My translations from the Sanskrit certainly influence my poetry in the form of thematic concerns and uniquely Sanskrit literary devices such as vyatireka (comparative excellence), dṛṣṭānta (a figurative device that can be described as ‘simile-like’ or parallel) and vakrokti (creative twist). 

How has the global pandemic affected your writing process?  

I am an English teacher in a secondary school on the Isle of Man, where thankfully, the effect of the pandemic has not been that severe.  So, the schools are open and functioning (we were only briefly shut in Spring. We re-opened in Summer).  I usually have to find time to write, amidst a busy schedule.  I am currently a PhD scholar in Postcolonial Poetry with Edinburgh Napier University, Scotland.  So, in the last two years, my writing has been put on the back burner. 

The global pandemic has brought a creative surge, especially in poetry, signifying that the human spirit rises above global challenges.  At this difficult time, a considerable number of poetry anthologies, themed issues of journals and discussions on poetry have all come to the forefront.   Poetry is a healer!  

Some editor friends have been keeping my work alive by soliciting submissions and giving me opportunities to participate in poetry webinars.  Coincidentally, a friend of mine alerted me to your call for submissions on Social Justice.  My writing has certainly picked up again.  

What is the most important piece of advice you have received as a writer?

 It’s not over yet!

It was a real struggle to get my first collection into print, despite being published internationally.  I was about to quit.   The above advice, ‘it’s not over yet,’ was given to me by the founder-member of the Isle of Man Poetry Society, the late Jeff Garland.  Soon after this conversation with Jeff, I received Arts Council and Culture Vannin grants and my first collection, On Manannan’s Isle was published on island in 2014.  I have not looked back hence.  

What are your upcoming projects?

As mentioned earlier, currently my research takes priority.   

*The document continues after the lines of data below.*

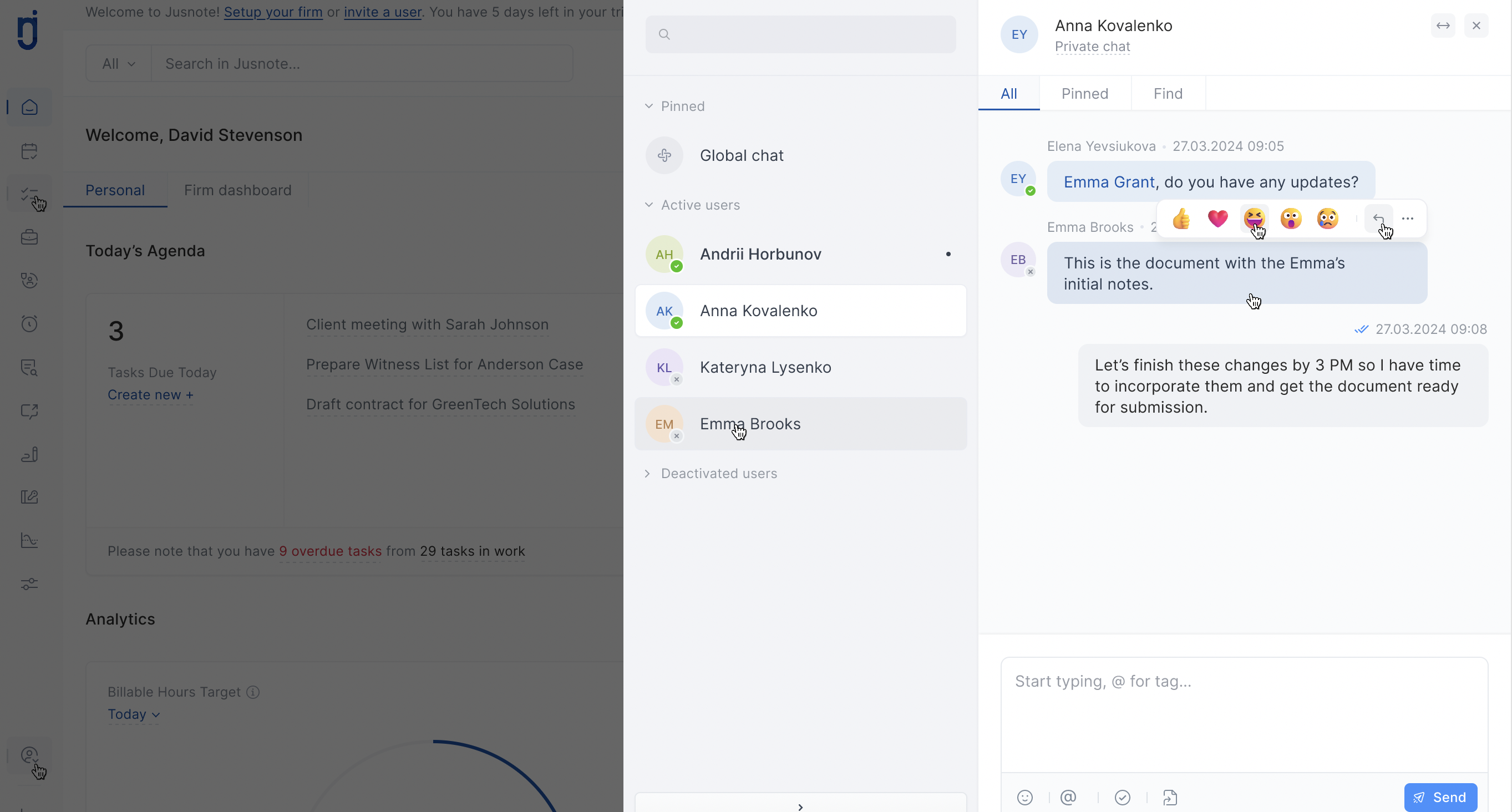 Private Chat (user-to-user) is an additional Jusnote feature that allows users to communicate directly with each other inside the system.
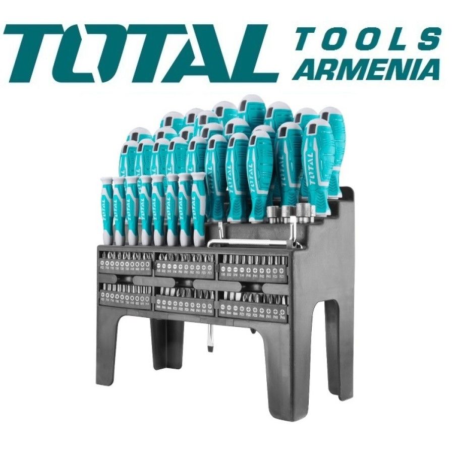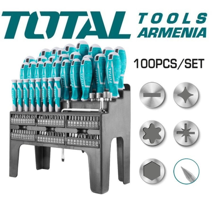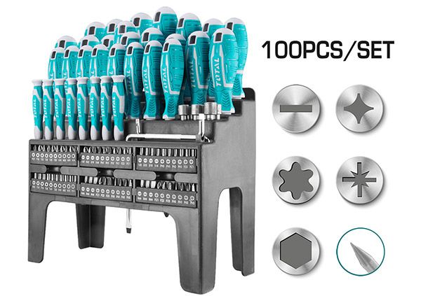 Набор отверток с битами 100 шт. TOTAL THT2506100 Кол-во единиц 100шт. Тип паза SL, PH, PZ, TORX, HEX Материал Cr-V Материал ручки ПВХ 8 шт. Шлицевые отвертки - SL3x75 мм, SL4x100 мм, SL5x75 мм, SL5x100 мм, SL5x125 мм, SL6x100 мм, SL6x150 мм, SL8x150 мм Отвертки Phillips 8 шт. - PH0x75 мм, PH0x100 мм, PH1x75 мм, PH1x100 мм, PH1x150 мм, PH2x100 мм, PH2x150 мм, PH3x150 мм 3 отвертки Torx - T10x100x3 мм, T15x100x3,5 мм, T20x100x4 мм Отвертка с магнитным хвостовиком, 1 шт. - 7x100 мм 1шт шило - 3x75мм Прецизионная отвертка 8 шт. - SL1.5x50mm, SL2.5x50mm, PH000x50mm, PH00x50mm, PH0x50mm, T6x50mm, T8x50mm, T10x50mm 60 бит отверток - 2шт SL3, 2шт SL4, 3шт SL5, 3шт SL6, 2шт SL7, 2шт PH0, 3шт PH1, 3шт PH2, 2шт PH3, 2шт PZ0, 3шт PZ1, 3шт PZ2, 2шт PZ3, 1шт H1.5, 1шт H2 , 1шт H2.5, 1шт H3, 2шт H4, 1шт H5, 1шт H5.5, 2шт H6, 2шт T8, 2шт T9, 2шт T10, 2шт T15, 2шт T20, 2шт T25, 2шт T27, 2шт T30, 2шт T40 2 отвертки Z-образные двусторонние - SL5xPH1, SL6xPH2 Головка 1/4 дюйма 6 штук - 5 мм, 6 мм, 7 мм, 8 мм, 9 мм, 10 мм Пластиковая рамка 1шт Упакован в двойной блистер Набор отверток TOTAL THT2506100, это универсальный ручной инструмент для ремонта, монтажа и демонтажа. В комплект входит большое количество бит с разными типами шлицев, что позволяет выполнять широкий спектр операций по обслуживанию крепежа. Насадки для отверток изготовлены из высокопрочной хромованадиевой стали. Ручка имеет эргономичную форму и не выскальзывает из рук.
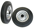 Reifen aus Vollgummi schwarz (Härte 85º Shore A), temperaturbeständig von -20°C bis +60°C, Felge aus Stahlblech mit Rollenlager-Nabe, Radgrößen von 80mm bis 400mm Durchmesser, Tragkraft von 50kg bei dem 80mm Rad bis 475kg bei dem 400mm Rad. |
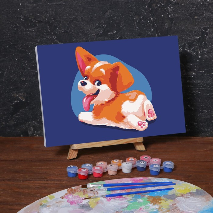 Картина по номерам на холсте с подрамником «Малыш Корги» 20х30 см понравится и детям, и взрослым.

However – Translation wise, I have completed the translation of the Sanskrit epyllion, Ṛtusaṃhāram by the legendary Kalidasa.  I am seeking a publisher for this project.  

I am also translating Jaisankar Prasad’s Hindi epic, Kamayani (1936) that falls under the Chhayavaadi school of Hindi Poetry.  Chhayavaad has been interpreted as Neo-Romanticism, I would call it Romantic mysticism.  Kamayani addresses human emotions in pathetic fallacy, personification, and mythological metaphors.  This has been a slow process as I would like to do justice to this epic, amidst time constraints.   I have found this translation extremely challenging, but highly inspiring and enlightening. 

The poetry goes on! I don’t think I am ready for another collection yet. But recently, I have started submitting to journals like Superstition Review!  Thank you very much for accepting my work for your blog on social justice.